Symptoms of Hypomania, Mania and Bipolar Vulnerability

  1. Chronic trouble with mood swings
  2. Unstable moods (feeling one mood one minute and a completely different one the next, e.g. going from feeling elated and optimistic to hopeless and suicidal)
  3. Trouble with mood cycling between periods of depression and periods of elevated or irritable mood
  4. Distinct elevation of mood beyond a normal, good mood (I also always ask how long these mood states last without an intervention)
  5. Distinct change in mood characterized predominantly by agitation and irritability (outside of usual depressive mood)
  6. Racing thoughts (the sense that one's thoughts are moving very fast or jumping around considerably, sometimes to the point of being difficult to keep up with)
  7. Feeling much more energized than usual and having trouble "containing" that energy (again, I ask how long an individual can experience this kind of energy without an intervention of some kind)
  8. Not needing to sleep as much (and for how many days in a row?)
  9. Impaired judgment from elevated mood states (e.g. excessive spending, risk-taking, pleasure-seeking – or picking fights)
  10. Talking so fast that people around them could not understand, took notice or commented about it
  11. Feeling distinctly over-confident, so that other people would take note (e.g. uncharacteristic arrogance, haughtiness or charisma)
  12. Being much more outgoing and social than their usual personality would predict
  13. Feelings of grandiosity (having special worth, significance, power, etc)
  14. Delusions of grandeur (believing one is the messiah, for example, or a rock star)
  15. Distinct elevation of sex drive and seeking sex and pleasure
  16. Needing to use alcohol or marijuana to "come down" or feel "calmer" or "take the edge off"
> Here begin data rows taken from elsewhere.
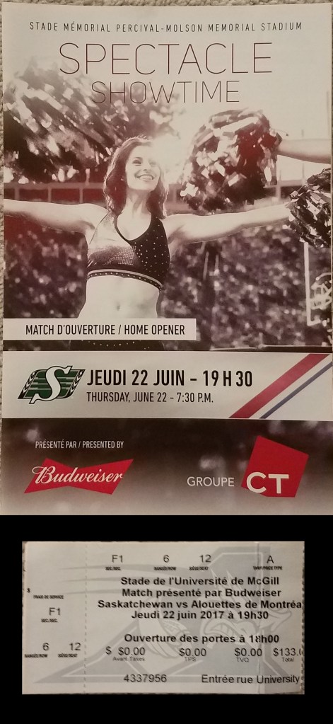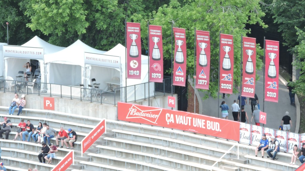 CFL rules are a bit different than American Football as the Canadian version features a larger field, only three downs, 12 players to each side and 1 point (Rogue) if a ball is kicked through the end zone or not returned out of it……An Alouette is not a lark, but actually a French-Canadian song about plucking the feathers of a lark…. When Montreal got football back in the 1990s, they returned to Olympic Stadium. Attendance struggled and it was U2 that got credited with inadvertently saving the team. A concert by the Irish rock band was scheduled for the Big O and that moved the Als to McGill and Molson Stadium for their playoff game. It was a packed house with a great atmosphere and the team won, prompting a permanent move the next season. A U2 song can now be heard before kickoff of each game.
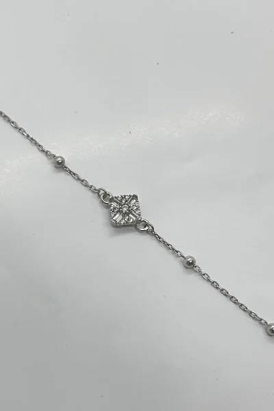 925 Ayar Gümüş Kadın Zirkon Taşı Süslemeli Top Zincirli Bileklik
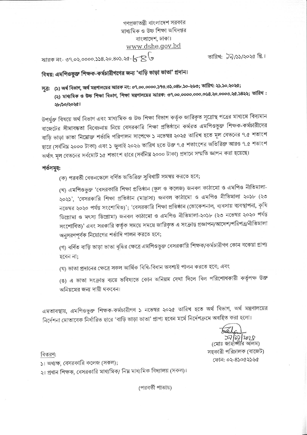 এমপিওভু্ক্ত শিক্ষকগণের বাড়ী ভাড়া ভাতা
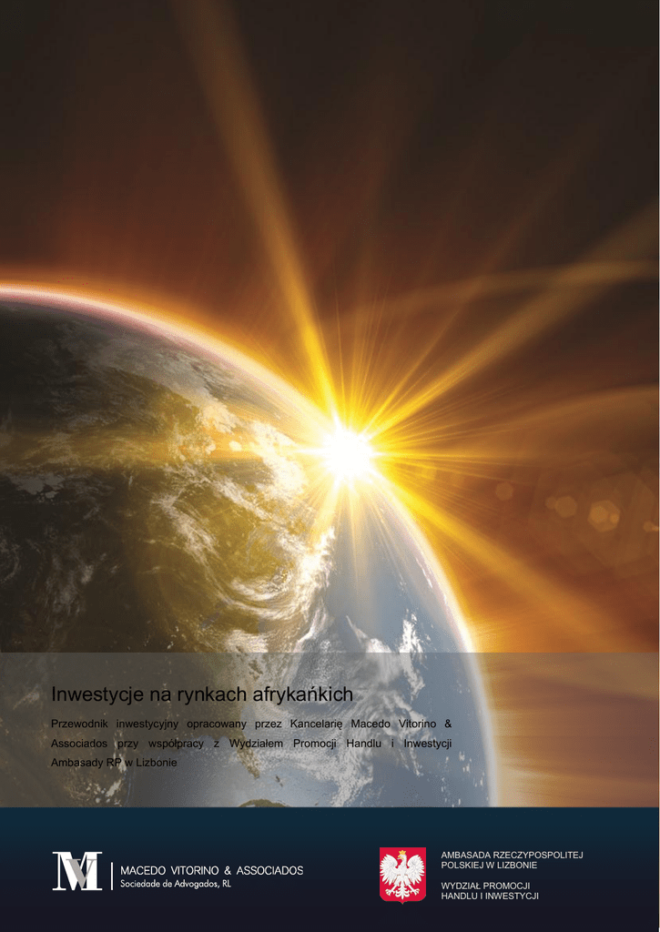 . Inwestycje na rynkach afrykańkich Przewodnik inwestycyjny opracowany przez Kancelarię Macedo Vitorino & Associados przy współpracy z Wydziałem Promocji Handlu i Inwestycji Ambasady RP w Lizbonie AMBASADA RZECZYPOSPOLITEJ POLSKIEJ W LIZBONIE WYDZIAŁ PROMOCJI HANDLU I INWESTYCJI Kancelaria Prawna Macedo Vitorino & Associados powstała w 1996 roku i specjalizuje się w doradztwie prawnym dla klientów krajowych i zagranicznych w poszczególnych sektorach działalności, m.in. w sektorze finansowym, telekomunikacyjnym i energetycznym a także w inwestycjach w Afryce. Od momentu powstania Macedo Vitorino & Associados ściśle współpracuje z najbardziej prestiżowymi kancelariami prawnymi w Europie i Stanach Zjednoczonych, co pozwala nam doradzać w operacjach międzynarodowych szybko, profesjonalnie i efektywnie. Kancelaria Macedo Vitorino & Associados, cytowana jest przez jedenaście z osiemnastu międzynarodowych portali, zajmujących się rankingami firm świadczących usługi prawne. Nasza skuteczność podkreślają m.in: IFLR 1000 "Project Finance”, “Corporate Finance" oraz "M&A”. W celu uzyskania szerszych informacji o działalności Kancelarii Macedo Vitorino & Associados prosimy odwiedzić naszą stronę internetową www.macedovitorino.com lub skontaktować się z nami telefonicznie lub e-mailowo. Tel: (351) 21 324 1900 - Fax: (351) 21 324 1929 E-mail:[email protected] Wydział Promocji Handlu i Inwestycji Ambasady RP w Lizbonie jest placówką Ministra Gospodarki, działająca w ramach polskiej placówki dyplomatycznej w Portugalii, której celem jest wspieranie polskich firm, w tym w szczególności małych i średnich przedsiębiorstw w procesie internacjonalizacji na rynku portugalskim, a także udzielenie pomocy firmom portugalskim, zainteresowanym importem polskich towarów i usług lub inwestycjami w Polsce. Zachęcamy do współpracy z nami, w tym celu prosimy o kontakt telefoniczny na numer (00351) 213013327 lub mailowy na adres [email protected], jak również zachęcamy do odwiedzenia naszej strony internetowej www.lisbon.trade.gov.pl. Informacje zawarte poniżej nie powinny być traktowane jako profesjonalne doradztwo. Jeżeli są Państwo zainteresowani uzyskaniem porady prawnej w podobnych sprawach, prosimy o kontakt z prawnikami Kancelarii, z których usług zwykle Państwo korzystają. Jeśli są Państwo Klientem Macedo Vitorino & Associados, prosimy skontaktować się z nami, dzwoniąc lub pisząc pod numery zamieszczone powyżej. Spis treści 1. Wstęp............................................................................................................................... 1 2. Angola.............................................................................................................................. 1 2.1. Gospodarka................................................................................................................... 1 2.2. Inwestowanie ................................................................................................................ 1 2.3. Tam warto inwestować .................................................................................................. 2 2.4. Podsumowanie .............................................................................................................. 3 3. Mozambik......................................................................................................................... 3 3.1. Gospodarka................................................................................................................... 4 3.2. Tam warto inwestować .................................................................................................. 4 3.3. Podsumowanie .............................................................................................................. 5 Inwestycja w Afrykę 1. Wstęp Bez wątpienia jednym z najbardziej atrakcyjnych miejsc na inweystycyjnej mapie globu jest dzisiaj Afryka. Ten nie do końca odkryty przez inwestorów „zakątek” z każdym rokiem przyciąga coraz to większą ich rzeszę. Ogromna dynamika rozwoju rynku, bogactwo surowców naturalnych oraz środowisko sprzyjające inwestycjom, zachecają zagranicznych inwestorów. W których zatem rejonach kontynentu najlepiej inwestować? Jaka branża i gdzie przyniesie nam największy zysk? Poniżej przedstawione zostaną afrykańskie państwa portugalskojęzyczne, odznaczające się największymi możliwościami inwestycyjnymi. 2. Angola Republika Angoli to kraj położony w południowo-zachodniej części kontynentu afrykańskiego. Od północy graniczy z Demokratyczną Republiką Konga, od wschodu z Zambią, a od południa z Namibią. Zachodnią jej część oblewają natomiast wody Oceanu Atlantyckiego. Długość linii brzegowej kraju liczy ponad 1 600 km. W 2011 roku Angolę, oficjalnie zamieszkiwało ponad 19 mln obywateli, jednak liczba ta może być większa, gdyż część mieszkańców nie jest ujęta w żadnym rejestrze. Do 1975 kraj był pod kontrolą Portugalii, najpierw jako kolonia, potem jako terytorium zamorskie. Głównym bogactwem kraju bezdyskusyjnie są złoża naturalne, przede wszystkim w ropa naftowa, gaz, złoto, miedź i diamenty. Występują tu także rudy żelaza, fosforyty oraz uran. 2.1. Gospodarka Panujący od kilku lat światowy kryzys gospodarczy dotkliwie doświadczył wiele krajów, między innymi byłego angolskiego ekskolonizatora - Portugalię. Angola natomiast z roku na rok poprawia swoje wyniki finansowe i cieszy się coraz większą ilością zagranicznych inwestycji. W 2012 roku, wzrost PKB tego kraju wyniósł 5,8 %, co daje mu pozycję jednej z najszybciej rozwijających się gospodarek w Afryce. Prognoza na najbliższe lata jest dosyć optymistyczna i spekuluje się wzrost na poziomie 7%. Produkcja ropy naftowej i jej przetworów generuje około 85% PKB Angoli, natomiast kolejne 5% dochodu pochodzi z wydobycia diamentów. Zasoby oleju napędowe
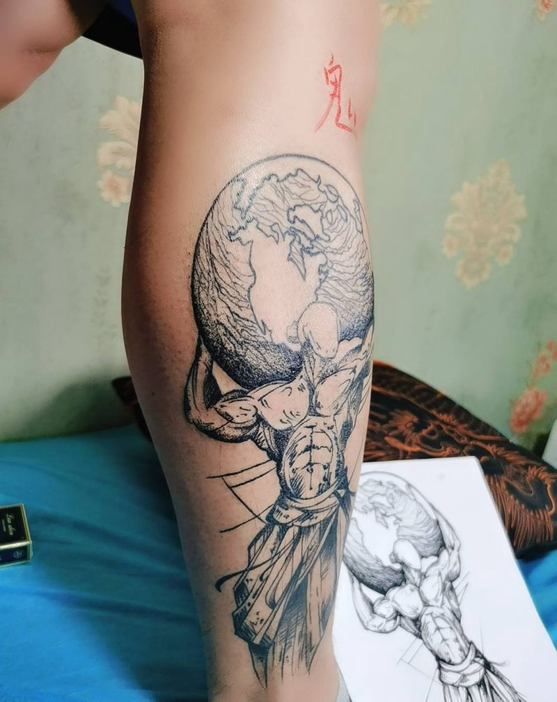 • T包小腿吹火男+阿多福纹身图片_腿部老传统新传统吹火男阿
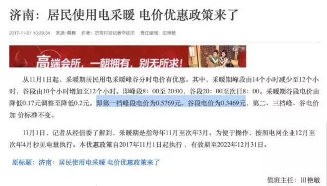 按照山東省政府文件,濟(jì)南“一戶一表居民電代煤用戶,采暖季(11月至次年3月)用電按居民階梯電價第一檔電價標(biāo)準(zhǔn)執(zhí)行”。再疊加“采暖期峰段12個小時,谷段12個小時。即峰段8:00至20:00,谷段20:00至次日8:00。采暖期第一檔峰段電價為0.5769元、谷段電價為0.3469元”。
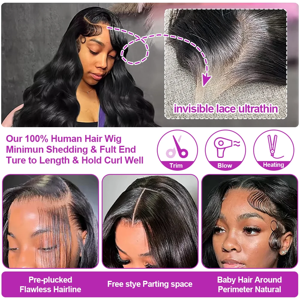 360 Full Lace Wig 100% Human Hair PrePlucked Body Water Wave 13x6 Hd Lace Frontal Wig Brazilian Hair For Black Women 250 Density
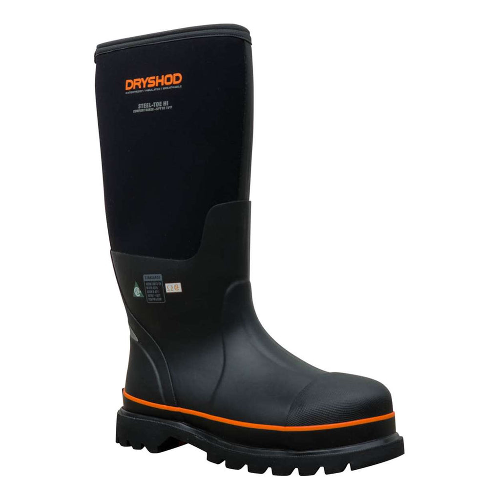 Stay safe and comfortable all day with the Dryshod Steel Toe CSA Unisex Protective Work Boot. This steel-toe boot includes a solid rubber outsole for traction and durability, strong triple-layer toe and heel reinforcements, and orange treatments to signify safety. With a detachable molded EVA sockliner and steel shank for extra arch support, this unisex boot provides all-day comfort and protection no matter how hard the labour.
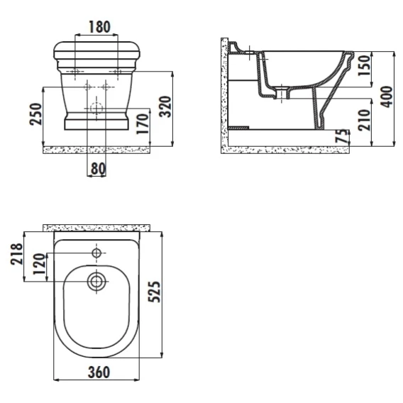 Подвесное биде Creavit Antik AN510-00CB00E-0000
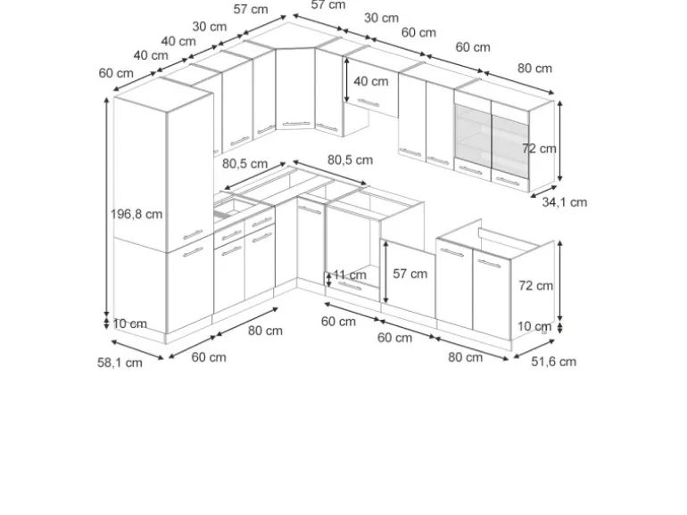 Die Küche L Form hat eine Breite von 227×287 cm, eine Höhe von 82 cm und eine Tiefe von 52 cm
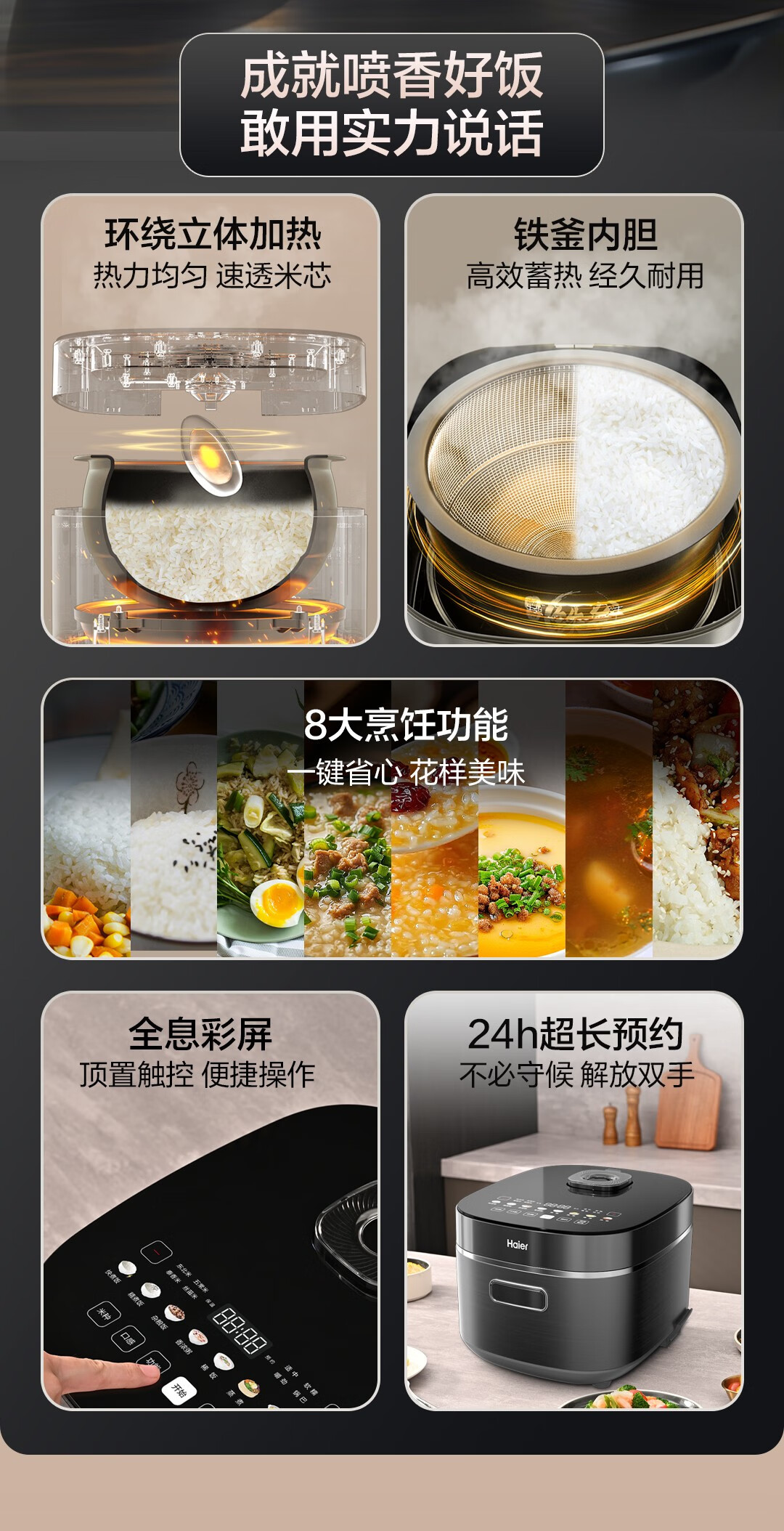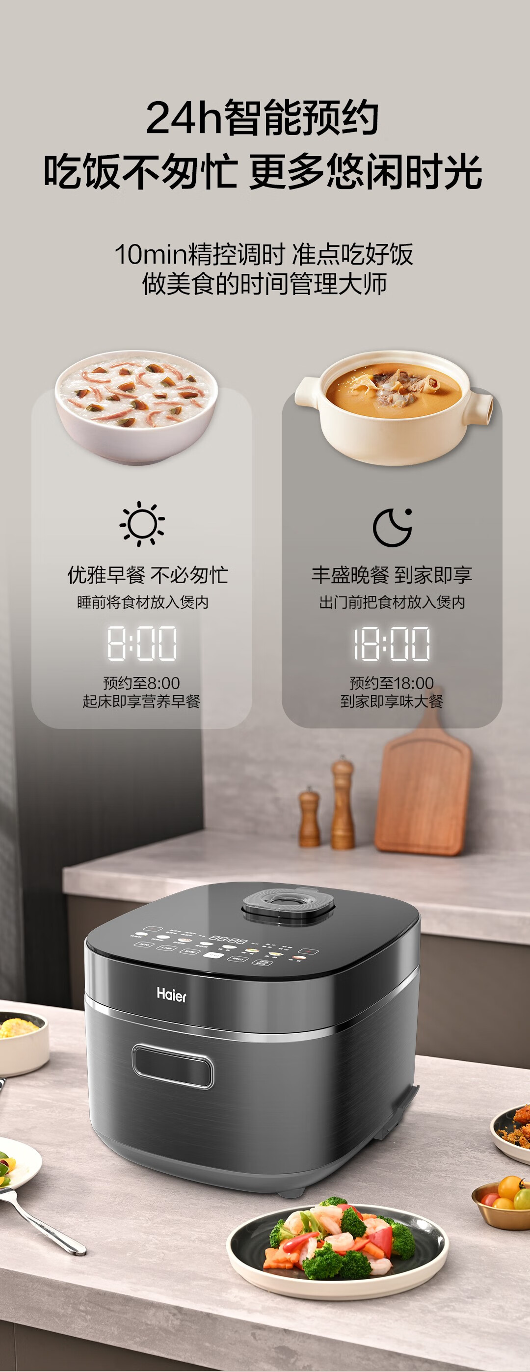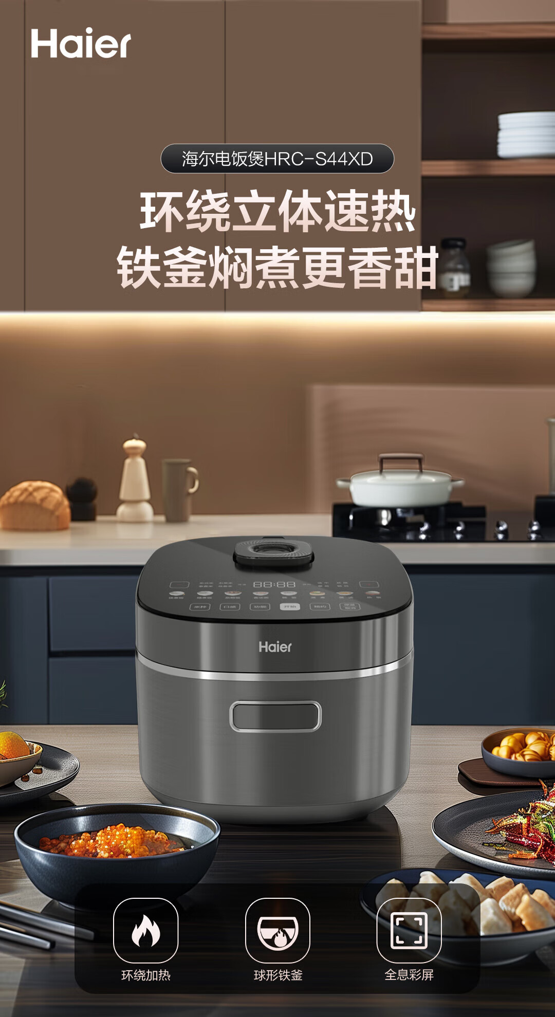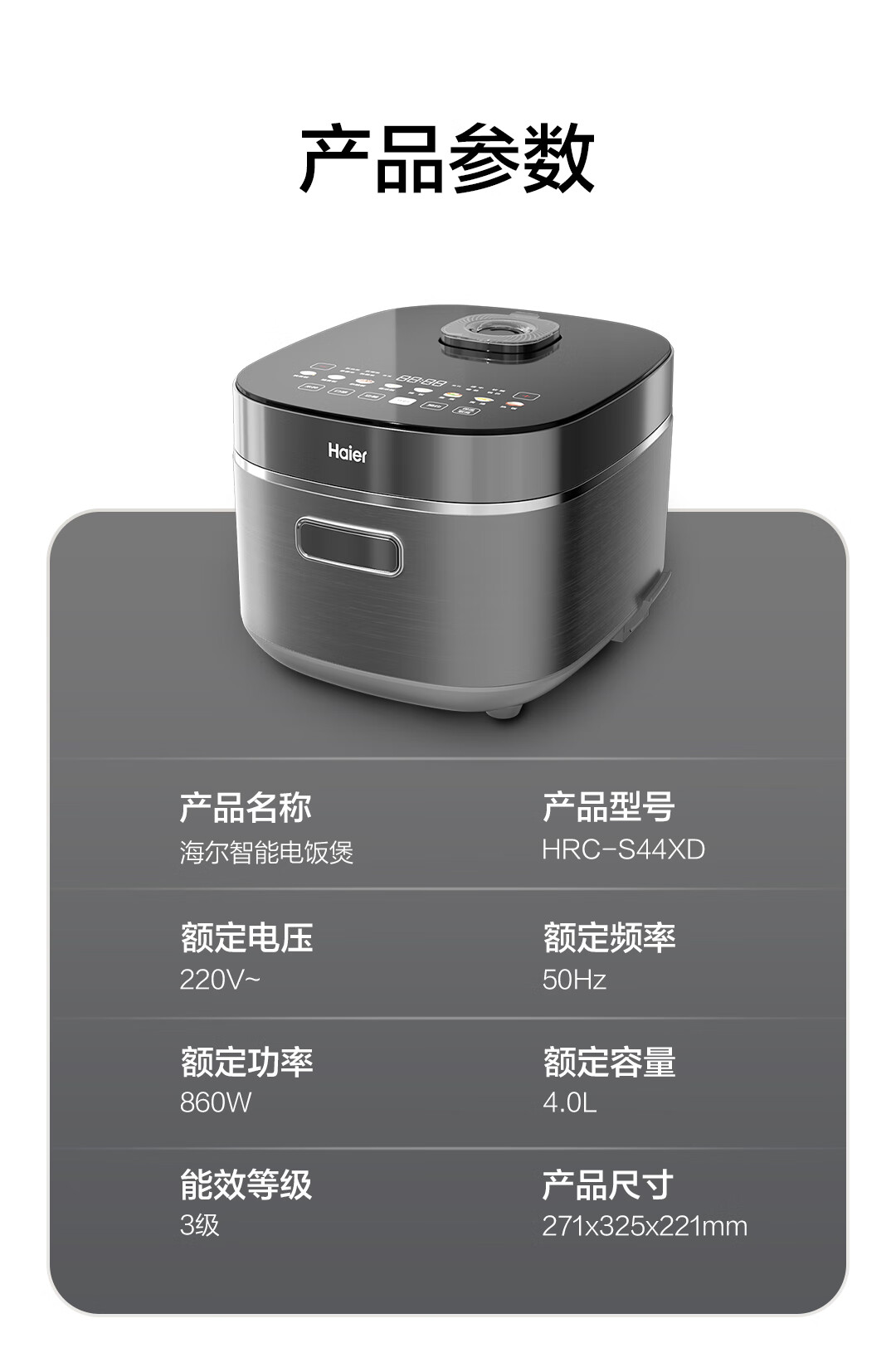 海尔(Haier)家用电饭煲电饭锅 多功能智能预约定时快速煮杂粮饭粥大功率4L大容量HRC-S44XD

If a number of these symptoms are endorsed and are reported to have occurred at the same time, it suggests that the individual has an underlying bipolar spectrum mood disorder. I make it a point to ask if these symptoms occurred spontaneously, on their own, or if they were only induced by anti-depressant medications or drugs of abuse. Individuals with underlying bipolar spectrum mood disorders vary in their vulnerability to the abnormal mood states of these conditions. If there is sufficient evidence, in my mind, for a bipolar spectrum mood disorder, I will then inquire about the course of this illness, including how many mood episodes a person has dealt with and how quickly they can go from one mood episode to the next.

Co-Occuring Medical Conditions

Finally, in their efforts to understand as much as possible about an individual's depression, psychiatrists will usually inquire about significant medical conditions - including pain disorders and chronic inflammatory states - and how they may be contributing to the individual's depression.